» MATERIAL TO PROCESS:
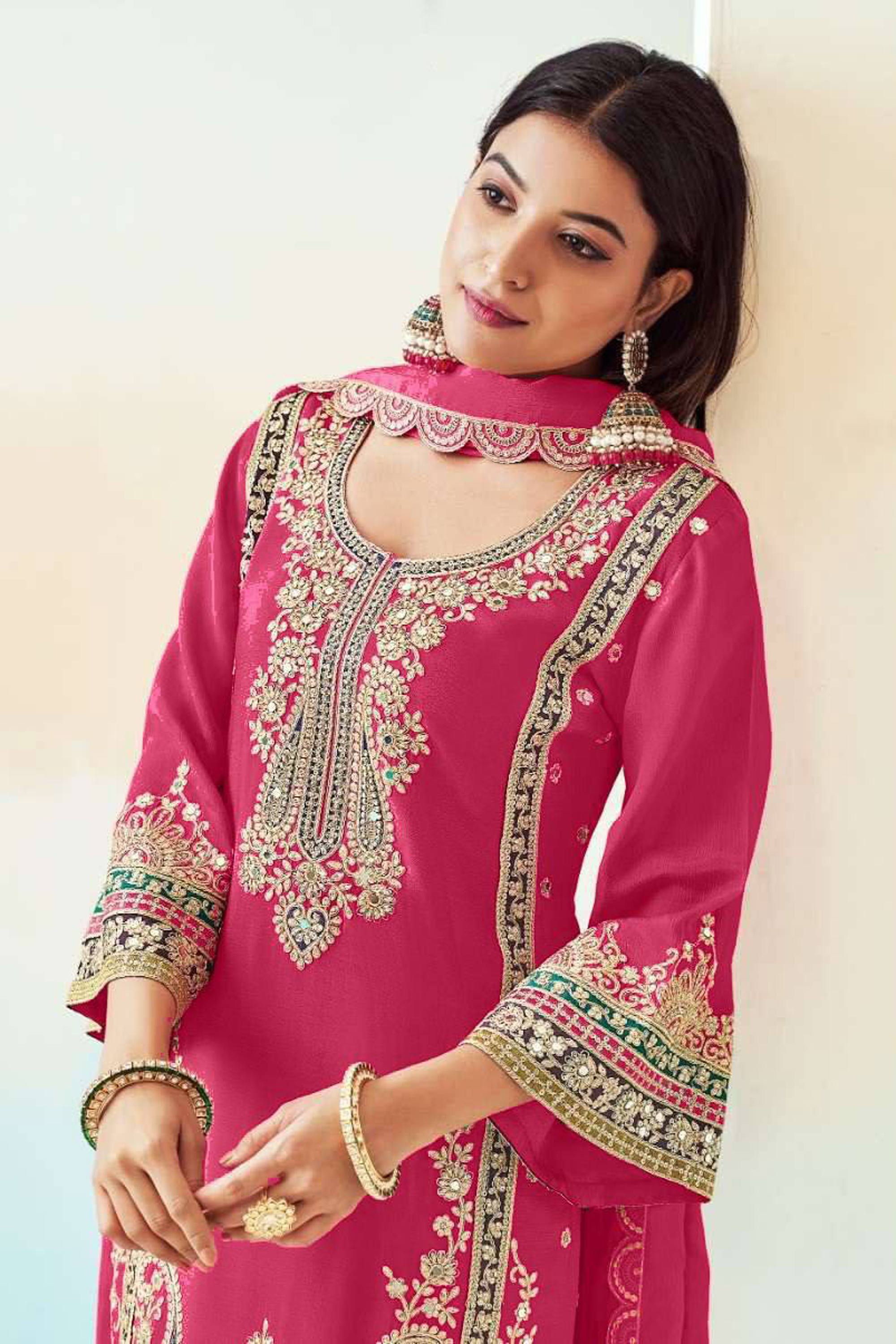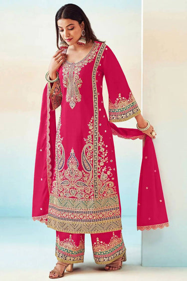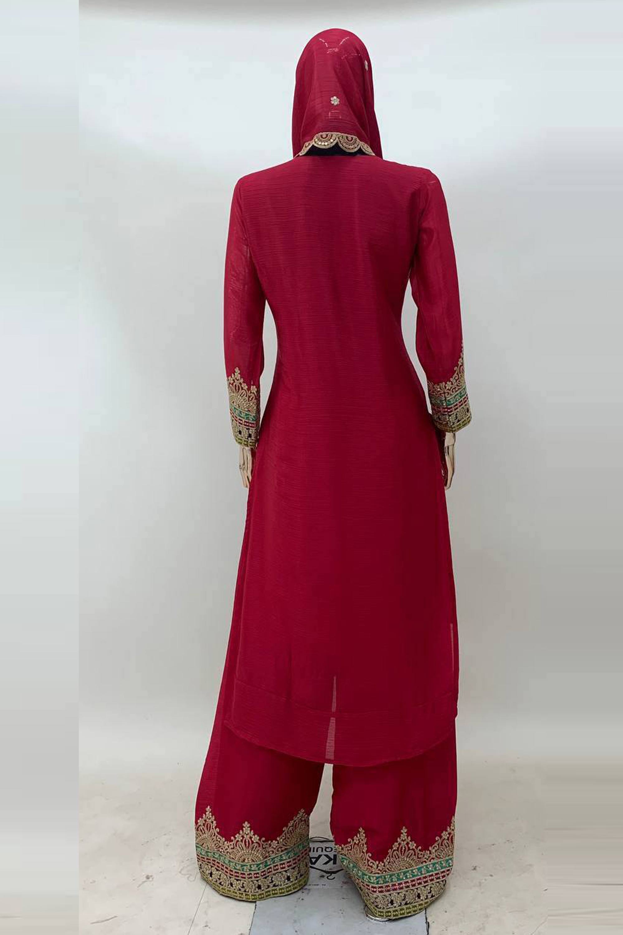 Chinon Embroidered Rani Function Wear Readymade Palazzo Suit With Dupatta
---
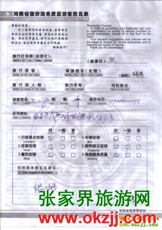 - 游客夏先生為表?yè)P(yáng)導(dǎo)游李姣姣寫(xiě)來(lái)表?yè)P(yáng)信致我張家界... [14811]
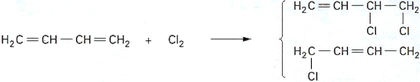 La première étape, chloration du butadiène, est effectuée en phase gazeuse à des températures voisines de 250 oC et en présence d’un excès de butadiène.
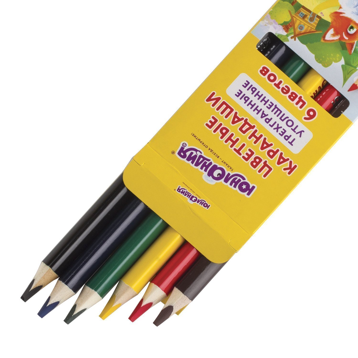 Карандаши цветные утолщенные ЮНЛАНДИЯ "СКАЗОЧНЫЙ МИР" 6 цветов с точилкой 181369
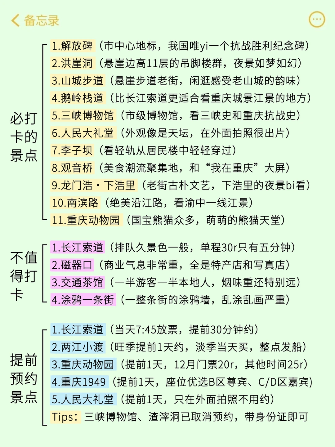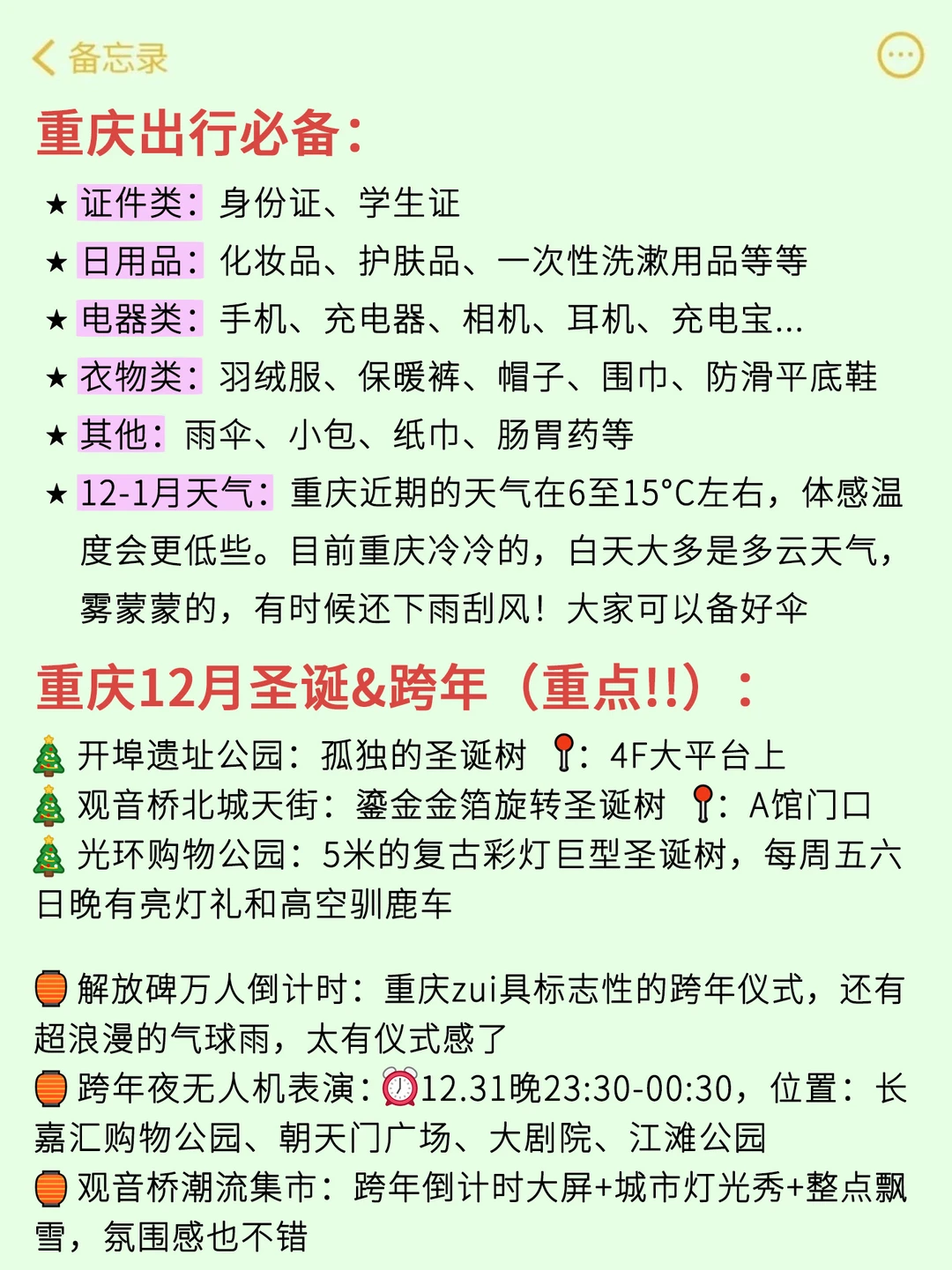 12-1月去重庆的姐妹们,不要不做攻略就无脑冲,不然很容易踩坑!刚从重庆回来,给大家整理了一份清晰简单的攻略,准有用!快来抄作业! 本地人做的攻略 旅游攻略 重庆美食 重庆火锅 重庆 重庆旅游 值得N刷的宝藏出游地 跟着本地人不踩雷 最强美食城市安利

» EXERCISE AIM: Return only the part above that opens with the line containing "Карандаши цветные утолщенные" and closes with the line containing "值得N刷的宝藏出游地 跟着本地人不踩雷 最强美食城市安利", exactly and with both ends, skipping the pictures.

» EXERCISE RESULT:
 Карандаши цветные утолщенные ЮНЛАНДИЯ "СКАЗОЧНЫЙ МИР" 6 цветов с точилкой 181369
 12-1月去重庆的姐妹们,不要不做攻略就无脑冲,不然很容易踩坑!刚从重庆回来,给大家整理了一份清晰简单的攻略,准有用!快来抄作业! 本地人做的攻略 旅游攻略 重庆美食 重庆火锅 重庆 重庆旅游 值得N刷的宝藏出游地 跟着本地人不踩雷 最强美食城市安利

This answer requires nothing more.